Task statement: Every record below needs to be written out exactly, apart from the pictures.
· · ·
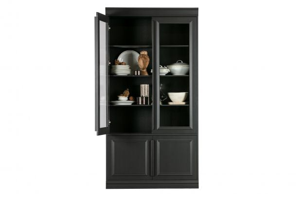 Website Organizer ist ein klassisches Möbelstück in einer modernen Ausgabe. Tiefe, schwarze Farben und matte schwarze Griffe verleihen ihm einen eleganten und zeitlosen Charakter. Die glasierte Obertür macht es zu einem idealen Angebot, Dekorationen oder Keramik zu zeigen.
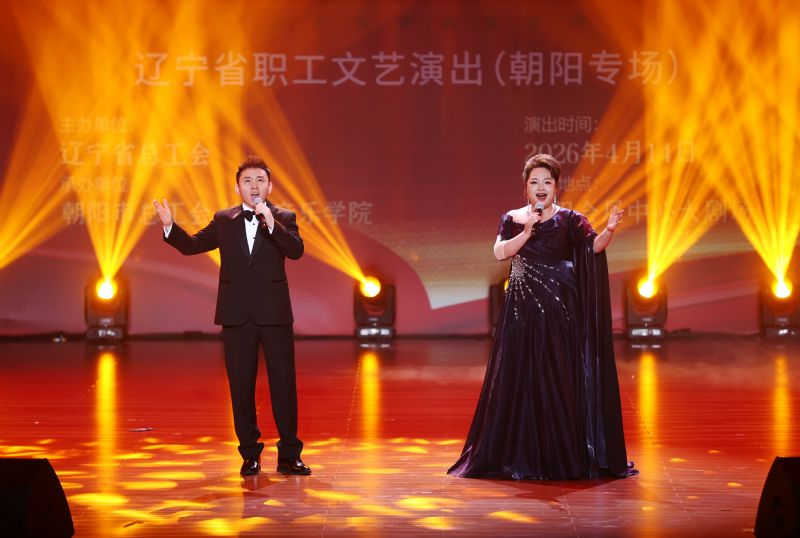 4月14日,由辽宁省总工会主办,朝阳市总工会与沈阳音乐学院共同承办的“中国梦•劳动美——弘扬劳模精神•礼赞奋斗风采”辽宁省职工文艺演出(朝阳专场),在朝阳会展中心大剧场精彩上演。本场演出是2026年省总工会送戏到基层系列活动之一,也是“中国梦•劳动美”系列主题教育活动职工文艺巡演的第二站。省总工会、朝阳市有关领导,沈阳音乐学院副院长张策,出席朝阳市劳动模范、先进工作者和先进集体表彰大会的全体获奖集体、劳动模范和职工代表800余人共同观看演出。
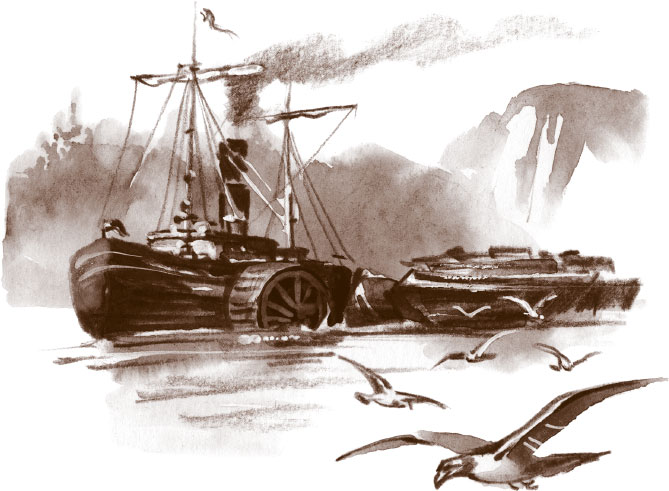 Вверх по реке шел старый двухмачтовый буксир американского типа с длинной и высокой надстройкой, возвышавшейся над палубой. Буксир тянул за собой две баржи, соединенные друг с другом бортами. Вблизи пристани буксир уменьшил скорость, чтобы ослабить канат, после чего отцепил баржи.
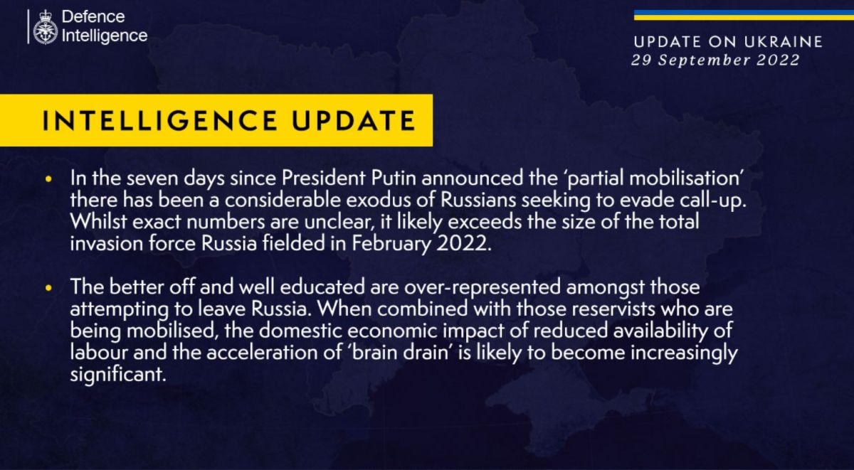 Το συμπέρασμα του υπουργείου: «Μαζί με τους εφέδρους που κινητοποιούνται, ο αντίκτυπος της χαμηλότερης διαθεσιμότητας εργατικού δυναμικού και της επιταχυνόμενης διαρροής εγκεφάλων στη ρωσική οικονομία είναι πιθανό να γίνει όλο και πιο σημαντικός».
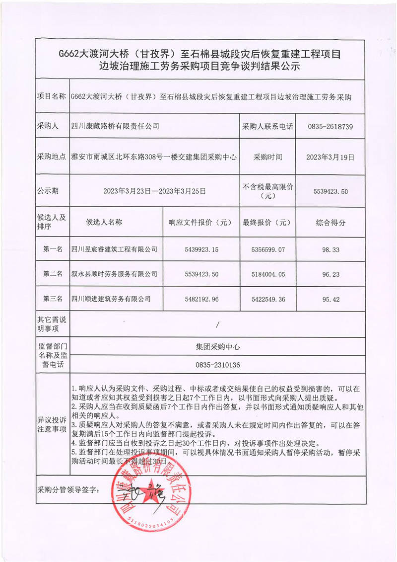 四川康藏路橋有限責任公司G662大渡河大橋(甘孜界)至石棉縣城段災后恢復重建工程項目邊坡治理施工勞務(wù)采購項目競爭談判結(jié)果公示
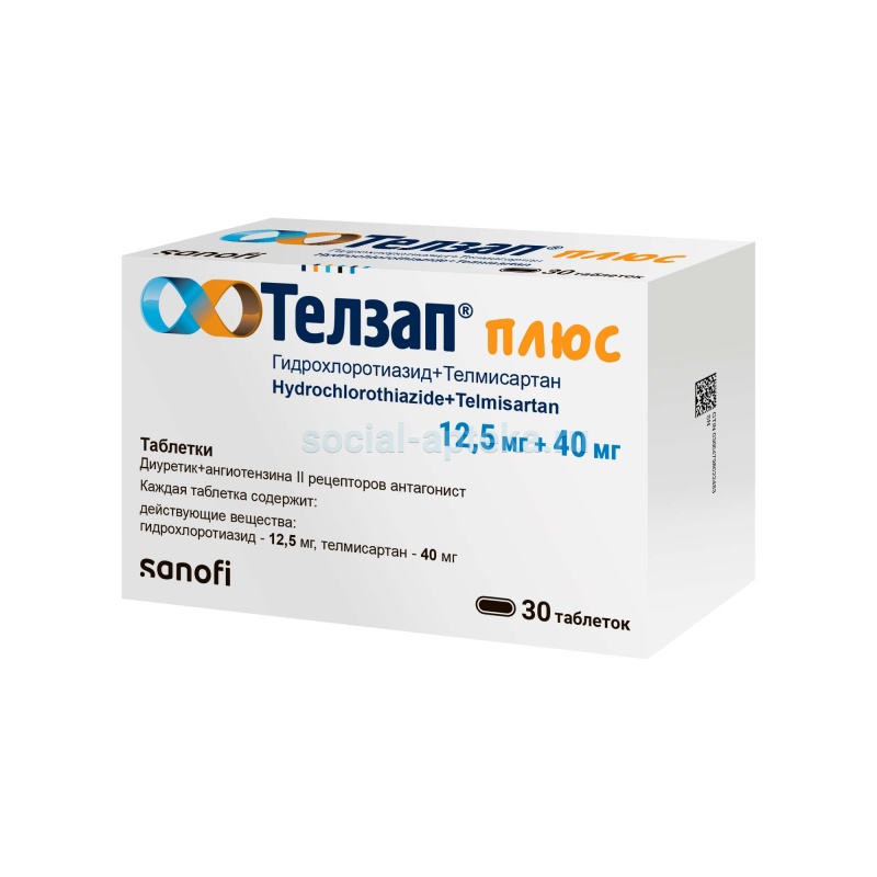 Препарат Телзап® Плюс - комбинированный препарат для снижения повышенного артериального давления, который содержит два действующих вещества: телмисартан (антагонист рецепторов ангиотензина II) и гидрохлоротиазид (диуретик, мочегонное средство).
· · ·
Answer to the problem:
 Website Organizer ist ein klassisches Möbelstück in einer modernen Ausgabe. Tiefe, schwarze Farben und matte schwarze Griffe verleihen ihm einen eleganten und zeitlosen Charakter. Die glasierte Obertür macht es zu einem idealen Angebot, Dekorationen oder Keramik zu zeigen.
 4月14日,由辽宁省总工会主办,朝阳市总工会与沈阳音乐学院共同承办的“中国梦•劳动美——弘扬劳模精神•礼赞奋斗风采”辽宁省职工文艺演出(朝阳专场),在朝阳会展中心大剧场精彩上演。本场演出是2026年省总工会送戏到基层系列活动之一,也是“中国梦•劳动美”系列主题教育活动职工文艺巡演的第二站。省总工会、朝阳市有关领导,沈阳音乐学院副院长张策,出席朝阳市劳动模范、先进工作者和先进集体表彰大会的全体获奖集体、劳动模范和职工代表800余人共同观看演出。
 Вверх по реке шел старый двухмачтовый буксир американского типа с длинной и высокой надстройкой, возвышавшейся над палубой. Буксир тянул за собой две баржи, соединенные друг с другом бортами. Вблизи пристани буксир уменьшил скорость, чтобы ослабить канат, после чего отцепил баржи.
 Το συμπέρασμα του υπουργείου: «Μαζί με τους εφέδρους που κινητοποιούνται, ο αντίκτυπος της χαμηλότερης διαθεσιμότητας εργατικού δυναμικού και της επιταχυνόμενης διαρροής εγκεφάλων στη ρωσική οικονομία είναι πιθανό να γίνει όλο και πιο σημαντικός».
 四川康藏路橋有限責任公司G662大渡河大橋(甘孜界)至石棉縣城段災后恢復重建工程項目邊坡治理施工勞務(wù)采購項目競爭談判結(jié)果公示
 Препарат Телзап® Плюс - комбинированный препарат для снижения повышенного артериального давления, который содержит два действующих вещества: телмисартан (антагонист рецепторов ангиотензина II) и гидрохлоротиазид (диуретик, мочегонное средство).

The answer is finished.